В предыдущей серии речь шла об антитоталитаристской книжке Вирека, в сегодняшней - о книжке с оттенком искушения тоталитаризмом.
В 1940 г. в ежеквартальнике Оклахомского университета «Books Abroad» появилось эссе Вирека "Семеро против человека", год спустя выпущенное отдельным изданием. «Семь мятежных духов нанесли человеческому сознанию раны, которые могут оказаться смертельными: Галилей, Лютер, Руссо, Дарвин, Маркс, Фрейд, Эйнштейн», - заявил былой поборник анархизма, свободомыслия и психоанализа.
«Галилей лишил человека достоинства, Лютер - морального закона, Руссо - дисциплины, Дарвин - божественности. Маркс поставил под угрозу собственность. Фрейд убил любовь. Оставался один мост в бесконечность, один выход - абстрактная наука... Пришел Эйнштейн, и всё стало «относительно»», - суммировал Вирек, хотя сам Эйнштейн предупреждал его против подобной трактовки. Неожиданно выглядели проклятия Фрейду: «Если христианство, по выражению Ницше, добавило каплю яда в чашу Эроса, то Фрейд опустошил этот сосуд и наполнил его полынью и падалью. Психоанализ превратил девять муз в сублимированные неврозы, и на обломках наших мечтаний Эдип танцует жуткий венский вальс с Нарциссом».

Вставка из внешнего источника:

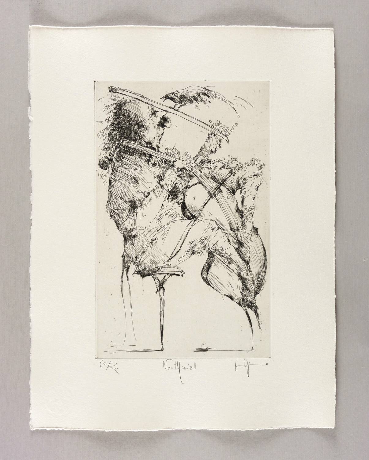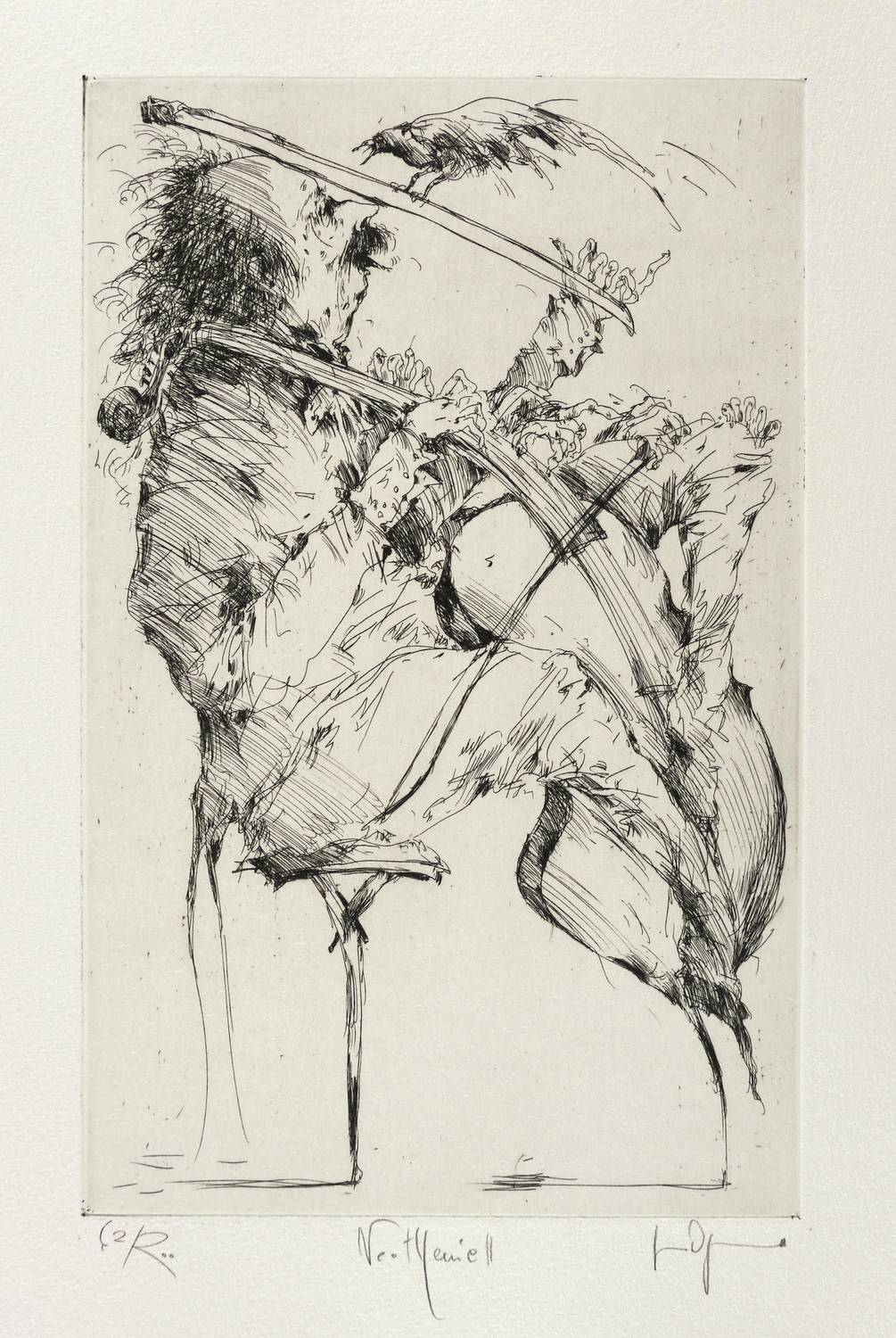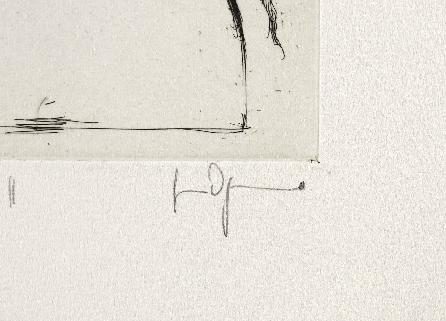 1986. Radierung / Strichätzung, in Schwarz, auf kräftigem hellchamois Hahnemühle. – Originale Künstlergrafik, von Gertrude Degenhardt. – Auflage Exemplar Nr. 62/200. – 27,3 x 17,2 cm (Darstellung / Platte), 40 x 30 cm (Blatt).
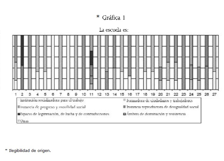 Acerca de la escuela como institución, la respuesta más frecuente (35%) fue la que consideró ésta como una "institución formadora de ciudadanos y trabajadores". En segundo lugar, se ubicó la opción de "instancia de progreso y movilidad social", con un 25%. En tercer sitio, quienes opinan que la escuela es "una institución de socialización para el trabajo", con 22%. Las respuestas inspiradas desde una perspectiva crítica, como aquellas que explícitamente mencionaban que la escuela es "una instancia donde se reproduce la desigualdad social" o se trata de "un espacio de dominación y resistencia" tuvieron 5% cada una.
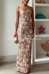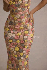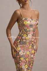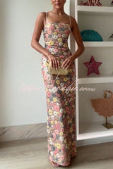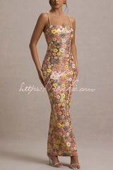 80's Inspired Floral Print Sequin Square Neck Slip Stretch Maxi Dress
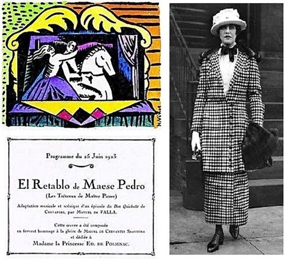 Olvidábaseme de decir que el bueno de Mr. Singer tenía una pésima opinión del intelecto femenino (se llegó a decir que la gran ventaja que vio en su invento era que prometía mantener calladas un rato a las esposas), pero vivió rendido con armas y bagajes a sus encantos, al punto que acumuló 24 hijos con cinco mujeres distintas. Una de sus hijas, Winaretta (1865-1943), mecenas y musa parisina, fue quien encargó en 1918 a Manuel de Falla su obra El retablo de Maese Pedro, representada cinco años después en el palacete de la Princesse de Polignac, es decir, Winaretta Singer, que, aunque lesbiana, estuvo casada con Edmond de Polignac (1834-1901), un noble venido a menos y mucho mayor que ella: perfecto matrimonio de conveniencia, pues Edmond era homosexual. Eso fue en segunda nupcias: su primer matrimonio fracasó porque ella se negó a consumarlo (entre la haute société parisina se rumoreó que, la misma noche de bodas, Winaretta amenazó de muerte a su flamante esposo si osaba ponerle las manos encima).

Что делать? «Тоталитарная идея может спасти нас от крушения в бурю; в трудной ситуации она может послужить временным убежищем странам и людям». В отдельном издании далее шел текст, отсутствовавший в первой публикации: «Национал-социализм был единственным спасением Германии в конкретных обстоятельствах времени и истории. Новая энергия, которую высвободил у народа гений Гитлера, может вознаградить немцев за жертвы ради железной дисциплины, к которой нацистская вера принуждает индивидуум. Но национал-социализм - не всеобщая панацея. Это не конечная стадия эволюции, независимо от того, сколько просуществует Третий Рейх. Гитлер - человеческий феномен, не имеющий аналогов: наполовину мистик, наполовину реалист, наполовину Мухаммед, наполовину Наполеон. Германии особенно повезло, поскольку она выдвинула самого динамичного воина, государственного деятеля и законодателя нашего времени, если не всех времен».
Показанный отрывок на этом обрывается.